7. The method for controlling flow of a storage system according to claim 1, wherein the means for controlling flow of front-end services in step 2) is:

screening out an object to be subjected to flow control from front-end service, and adding the object into a flow control object list of QoS to be set if the object is not set in a white list and the object is not set with a static QoS value; wherein, the object in the white list can not be controlled, the object with the static QoS value indicates that the QoS value after being controlled can not be lower than the static QoS value;

and performing flow control on each object in the flow control object list.

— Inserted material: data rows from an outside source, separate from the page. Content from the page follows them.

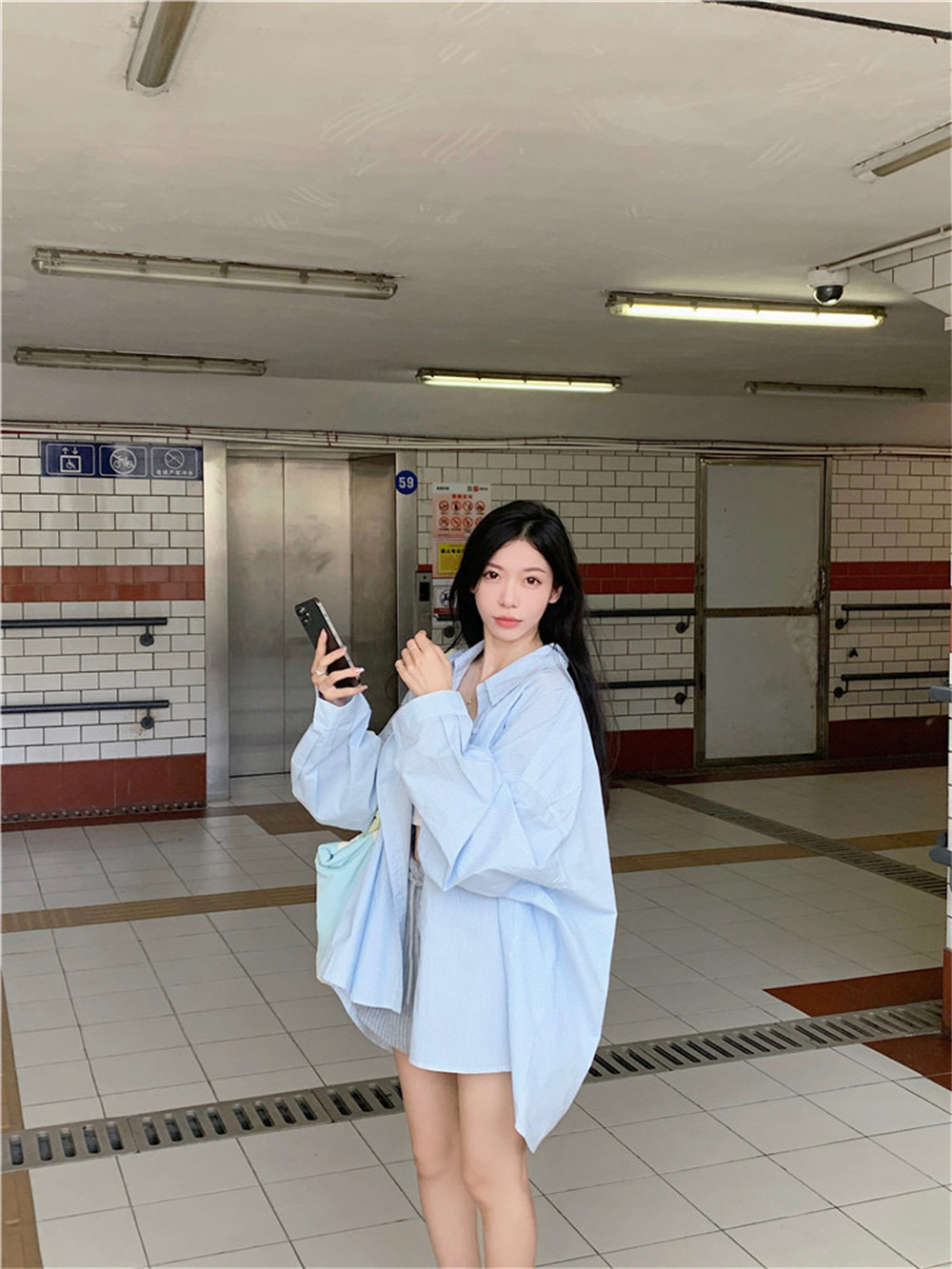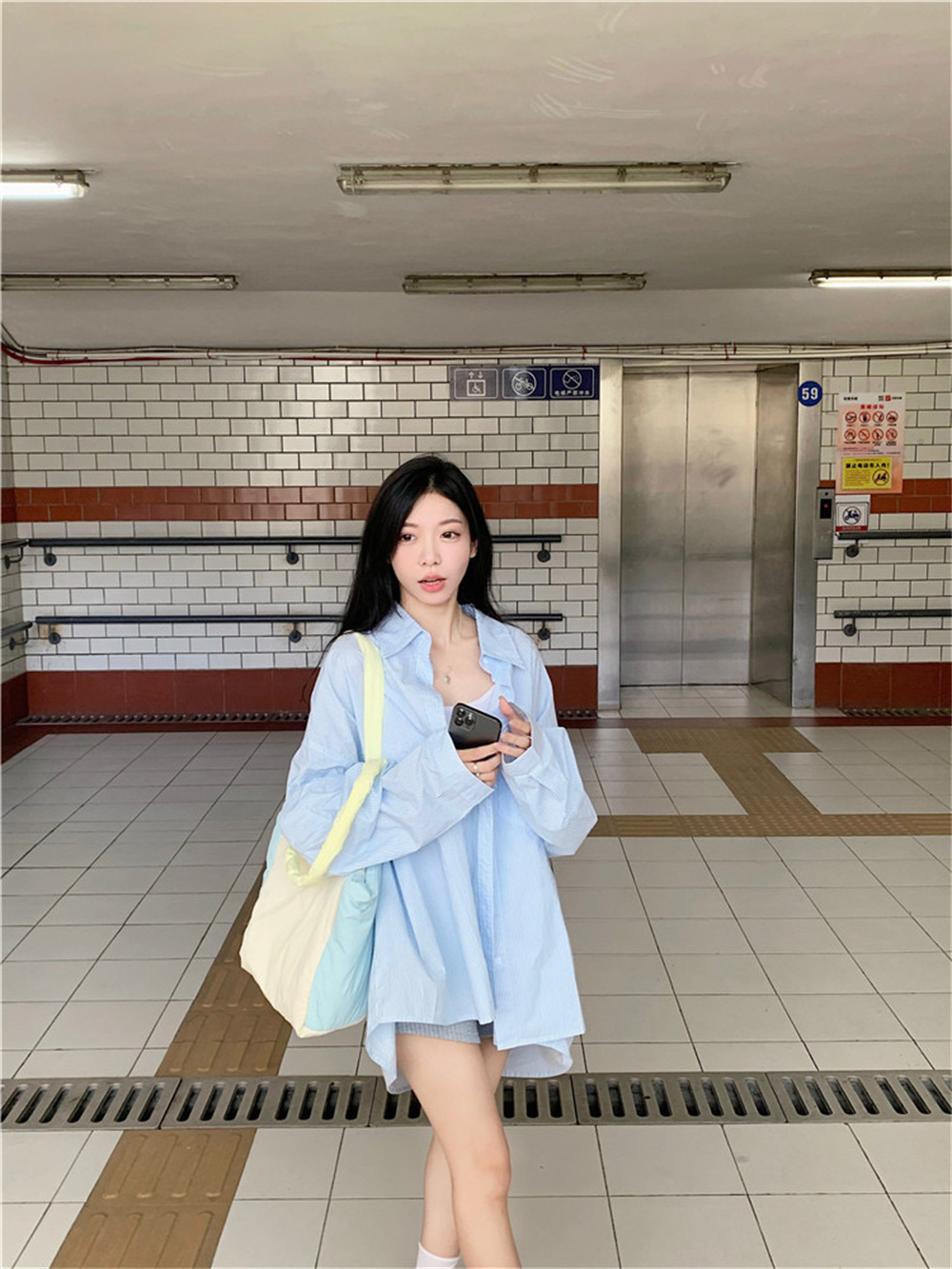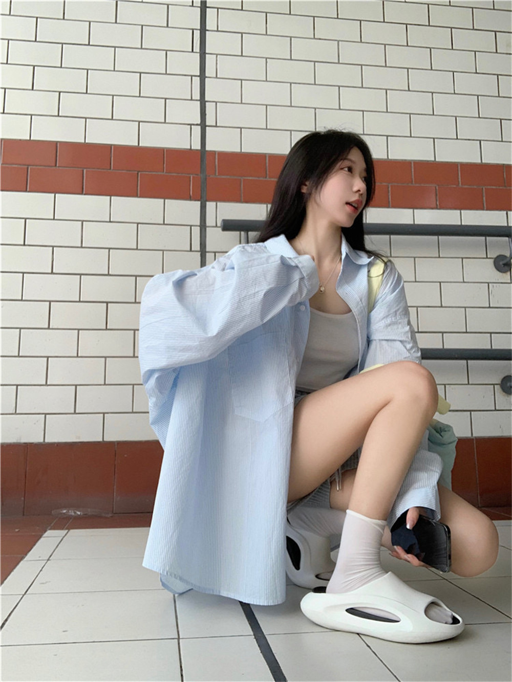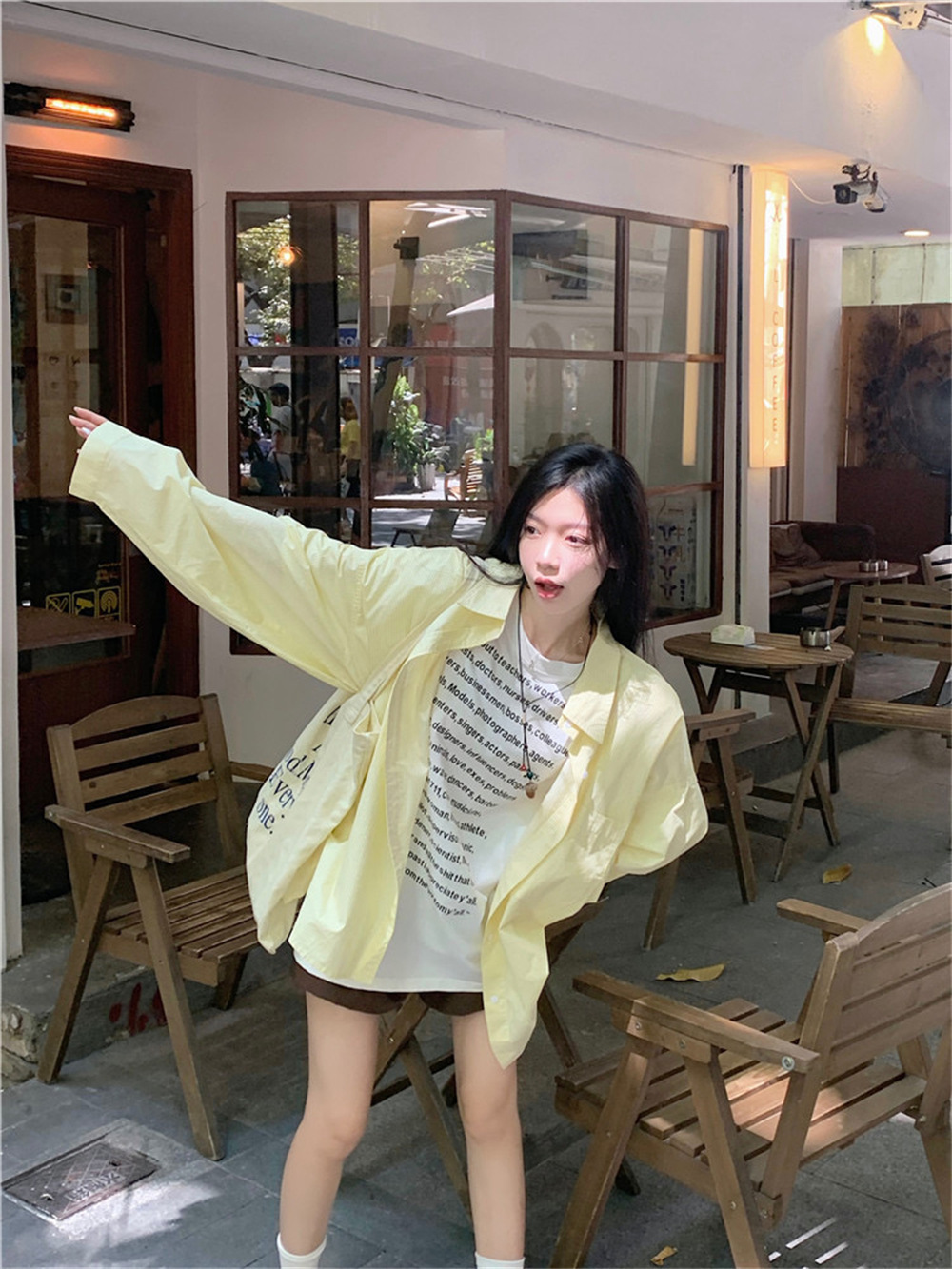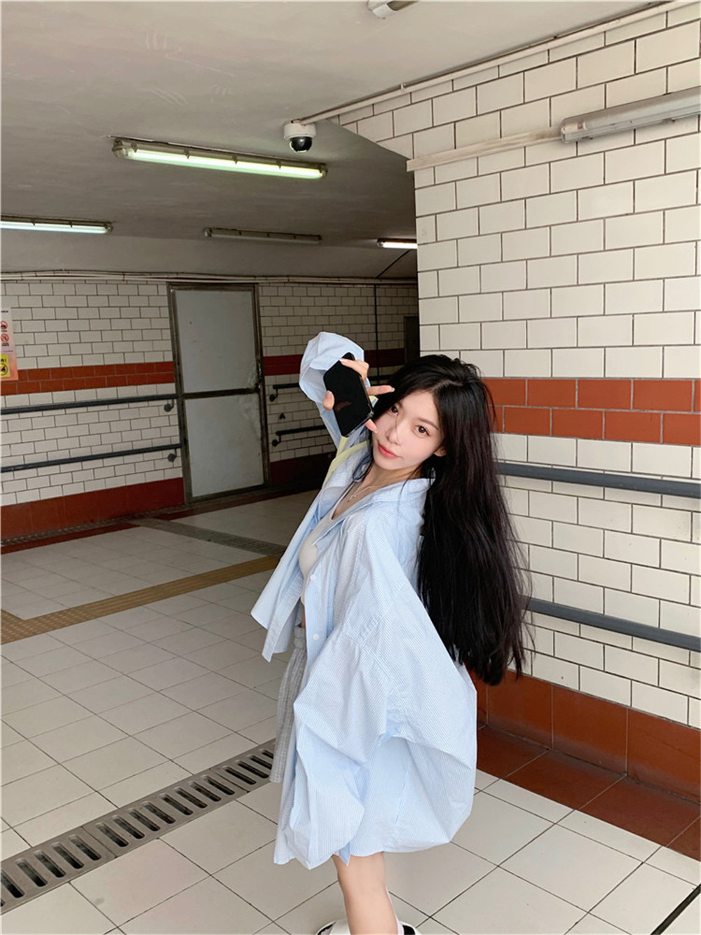 여성용 레이지 스타일 스트라이프 폴로 칼라 셔츠 재킷 여름 자외선 차단 셔츠 루즈 캐주얼 카디건 중간 길이 탑스토어 가기
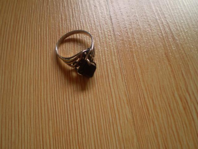 sidabrinis, su dideliu juodu akmenėliu/kubeliu. brangus man, tik deja netinka..
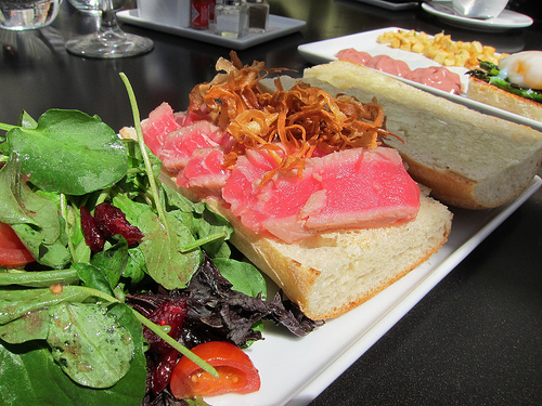 I like that Vu is a bit unusual for their brunch options. The Ranch Eggs features slow-cooked eggs, hominy, corn nuts, chipotle aioli, beans and the cutest mini-tortillas. If lunch is more your thing, there’s an ahi tuna sandwich that is lavender and juniper seared served with black truffle aioli, crispy parsnips and sea salt potato chips.
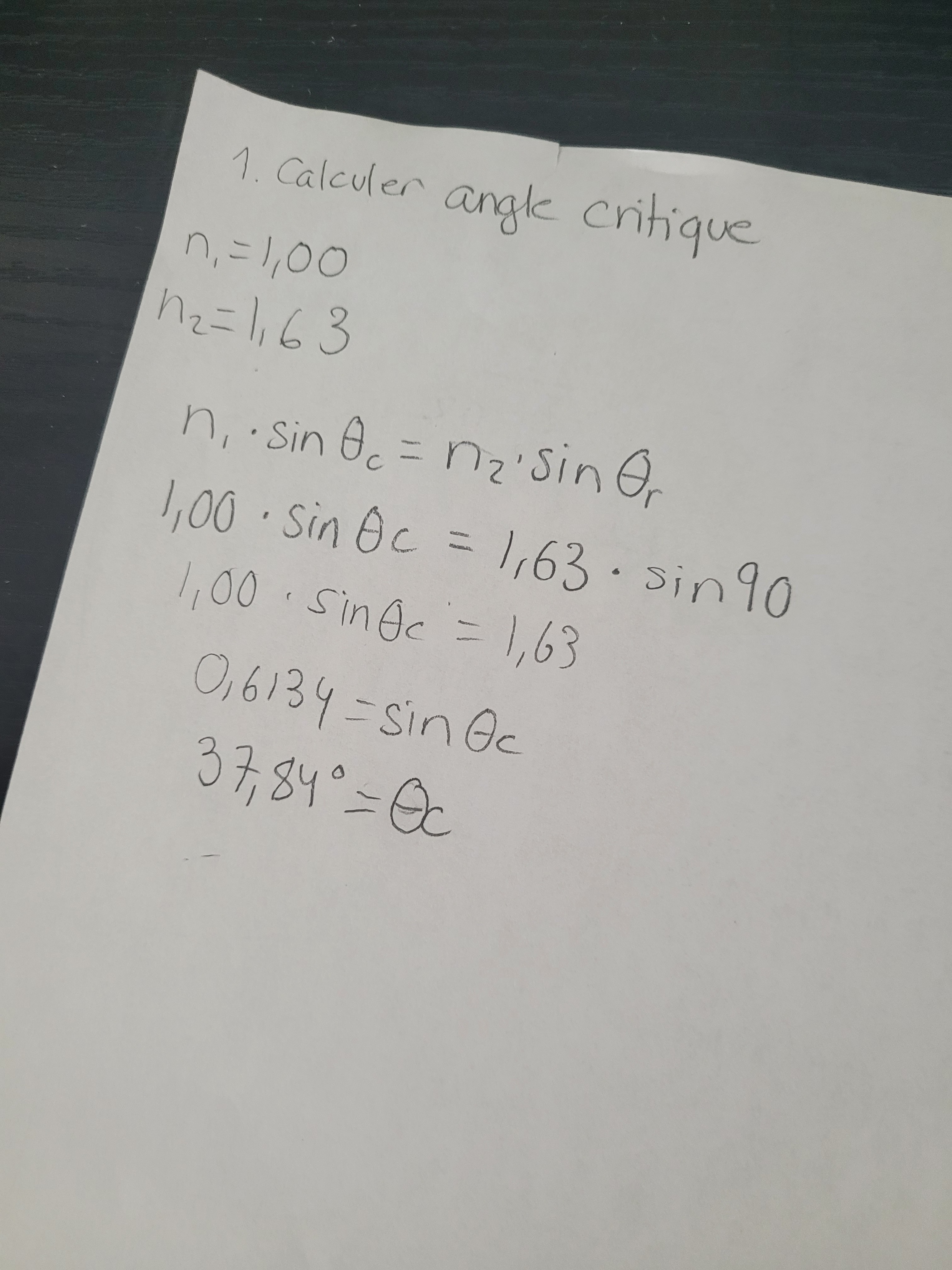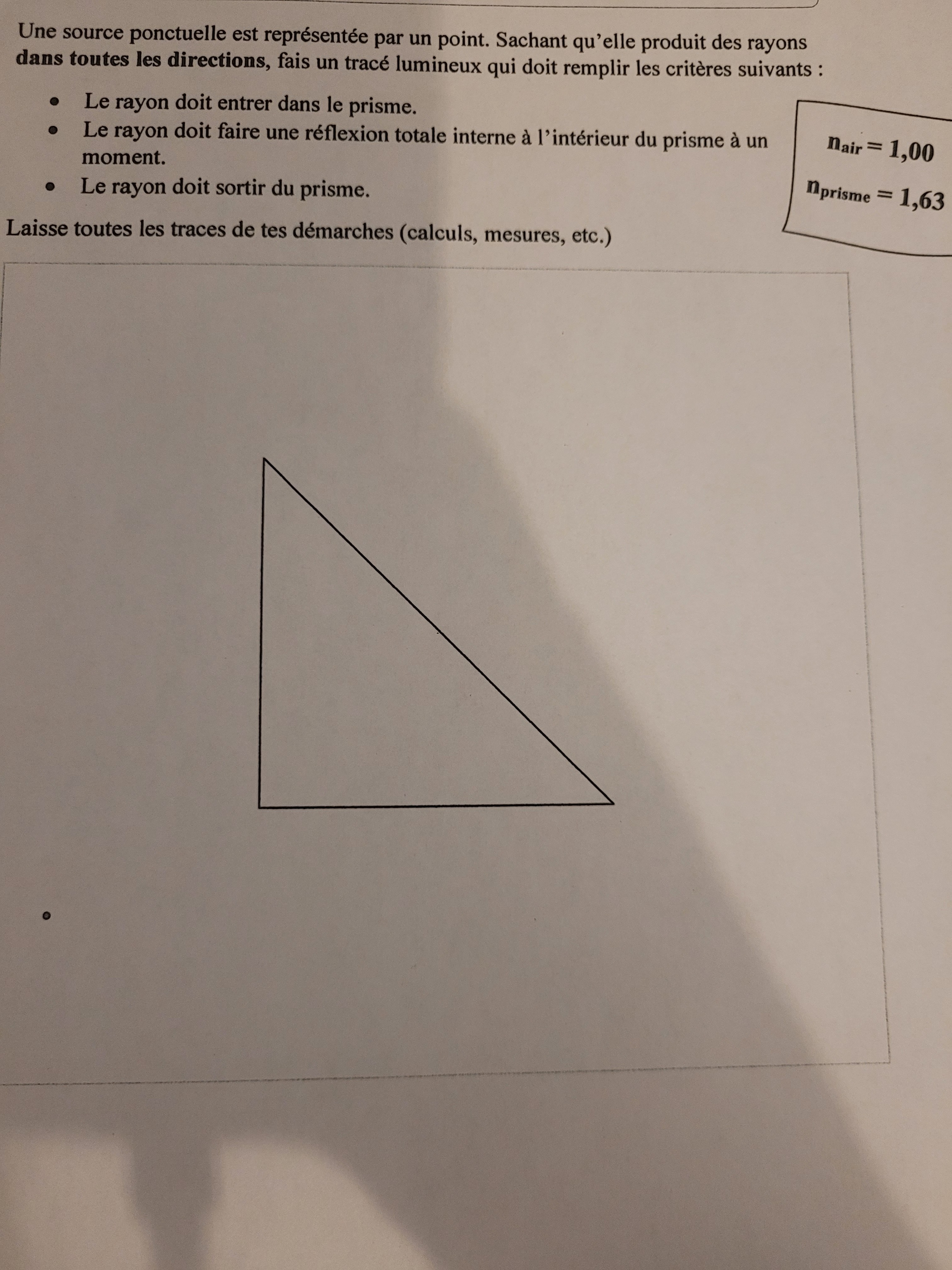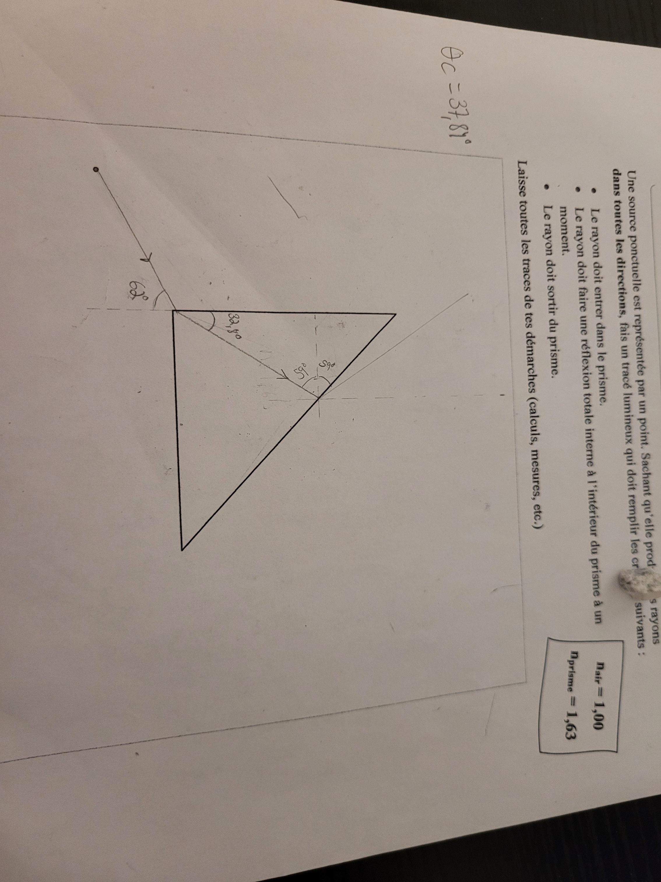 Secondaire 5 • 1aBonjour, j'ai trouve l angle critique Qui est de 37,84 degree et apres ça je ne sais pas quoi. Est ce que je trace le rayons prevent du point (source) sur l image?
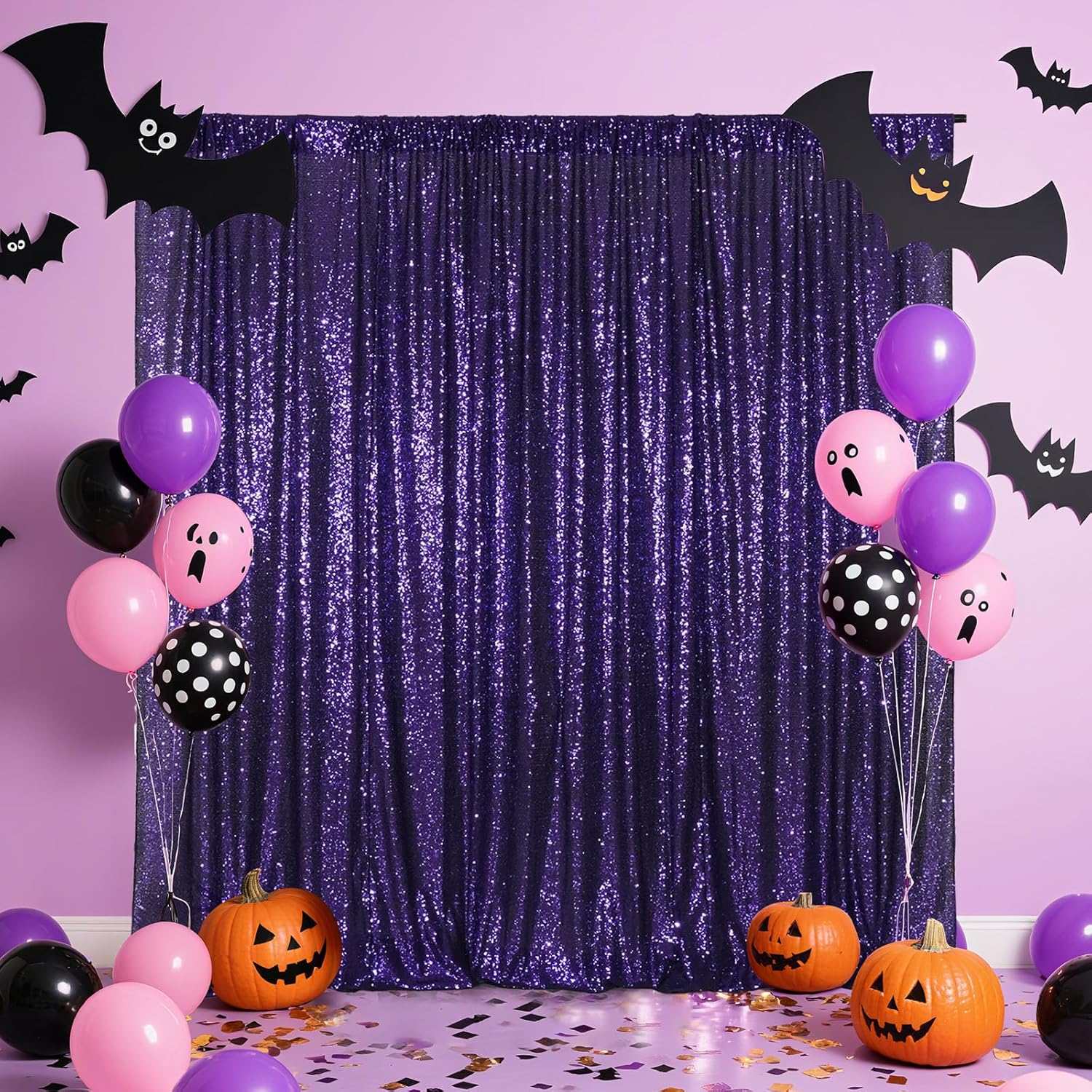 Poise3EHome Purple Sequin Backdrop, 10Ft x 10Ft Glitter Photography Background Curtains for Halloween Party Wedding Birthday Christmas Thanksgiving Decoration
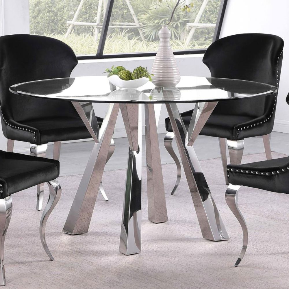 - Sophisticated Design: Alaia round dining table with a geometric metal base and chrome finish for a luxurious feel.
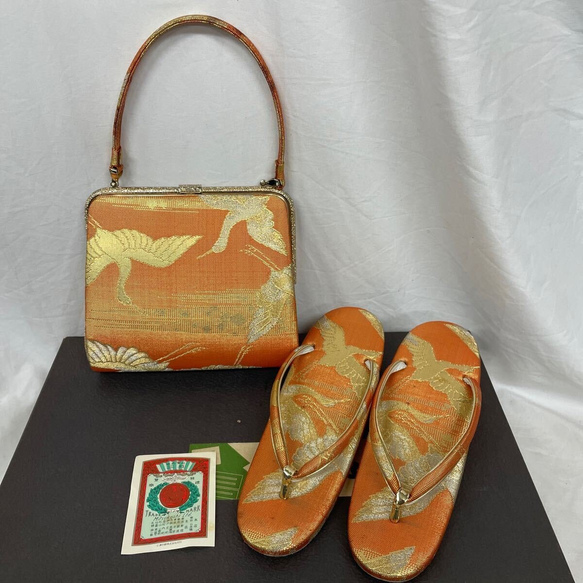- 草履バッグセット 鶴 和装小物 バッグ 佐賀錦 三越 成人式 【中古】

8. The method for controlling flow of storage system according to claim 7, wherein the means for controlling flow of each object in the flow control object list is to control flow according to a set weight mode or an equalization mode;

the weight mode is as follows: setting performance priorities of all objects in the flow control object list, wherein different priorities represent different degrees of flow control, and performing flow control on all objects according to the set priorities;

the equalization mode is as follows: the total required flow control amount is evenly distributed to each object in the flow control object list.

9. The storage system flow control system is characterized by comprising a front-end business key index monitoring module, a storage system bottom layer key resource monitoring module, a storage system flow control algorithm module and a front-end business flow control algorithm module;

the front-end business key index monitoring module is used for monitoring key index data of a current time period of a bottom layer of the storage system so as to determine a change trend of the current time period of the bottom layer load of the storage system and analyze whether the bottom layer load of the storage system is overloaded;

the storage system bottom layer key resource monitoring module is used for monitoring key index data of the front-end service current time period, and analyzing the change trend of the front-end service performance current time period and the future time period according to the monitored key index data of the front-end service current time period when the load of the storage system bottom layer is overloaded;

the storage system flow control algorithm module is used for analyzing the similarity between the key index data of the front-end service current time period and the key index data of the front-end service current time period when the change trend of the front-end service performance current time period is judged to be declining and exceeds a preset change trend threshold, and issuing a flow control starting instruction to the front-end service flow control algorithm module if the similarity exceeds a preset similarity threshold or the change trend of the front-end service performance future time period is declining;

the front-end service flow control algorithm module is used for performing flow control on the front-end service.